What is the strategy for tensor->memref conversion? (bufferization)

I’ve been seeing a couple random patterns popping into the codebase related to tensor->memref conversion (also sometimes called “bufferization” in some parts of the codebase?). Examples 1, 2, 3.

Do we have an RFC for this? What’s the plan? Having recently implemented (and then reimplemented) this in the npcomp reference backend pass pipeline I know that there’s a design space here that requires taking opinions, and MLIR core seems to be incrementally taking a design opinion without very much discussion. Can we have that discussion?
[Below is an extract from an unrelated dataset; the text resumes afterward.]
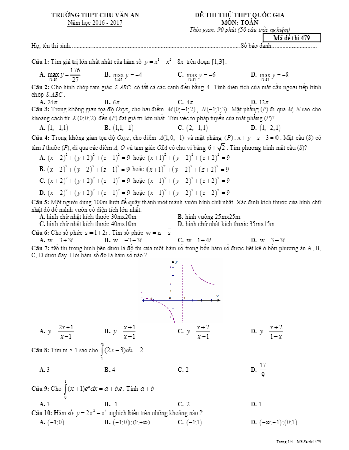 Đề thi thử THPT Quốc gia 2017 môn Toán trường THPT Chu Văn An – Đăk Nông

Speaking from the npcomp side, I am happy to give a deeper dive into how we do the lowering there if folks would find that useful. We have a working reference backend that can already run, some, nontrivial, programs. I’d be happy to rebase on whatever core is doing, but I don’t really see the design or what opinions it is taking.

CC @pifon2a, @tpopp, @nicolasvasilache, @herhut, @dfki-mako and probably others I’ve missed

1 Like

I am a little confused here, we had a full presentation by DFKI folks a few ODMs back about this topic: https://drive.google.com/corp/drive/u/0/folders/1ztiyJadS-i_N2gRL_XBTPOXE6mgmfPMJ.

This describes how things work with control-flow, function boundaries, buffer placement, copy elision etc.
My understanding from the discussion in the presentation is that improvements are available by passing some booleans around instead of copying too much in certain cases.

Linalg on tensors + init args is now connected to this and work is ongoing to connect the pieces and make it run end-to-end, starting with matmul.

Offhand I can see 3 things:

  1. Constant tensors to buffers + the discussion about llvm.global. I think it is also possible to just go through vectors. I’ll modify the revision accordingly so that it works more generally without involving an opinion about llvm.global.
  2. Shape computation (for dynamic allocation): for a reasonable class of ops, a simple iterative elimination process has shown to work in the past. I think @pifon2a has signed up for implementing something similar.
  3. Signature of external functions: right now I am being a bit cavalier here declaring essentially print_memref_f32(tensor<*xf32>) and letting the conversion turn it into the right thing. In the future we’ll need something more robust, a function attribute to trigger conversion of signatures for such functions that are subject to ABI external considerations seems reasonable.

It seems to me a lot of the work in that space has been covered by DFKI and connecting the missing pieces seems relatively straightforward.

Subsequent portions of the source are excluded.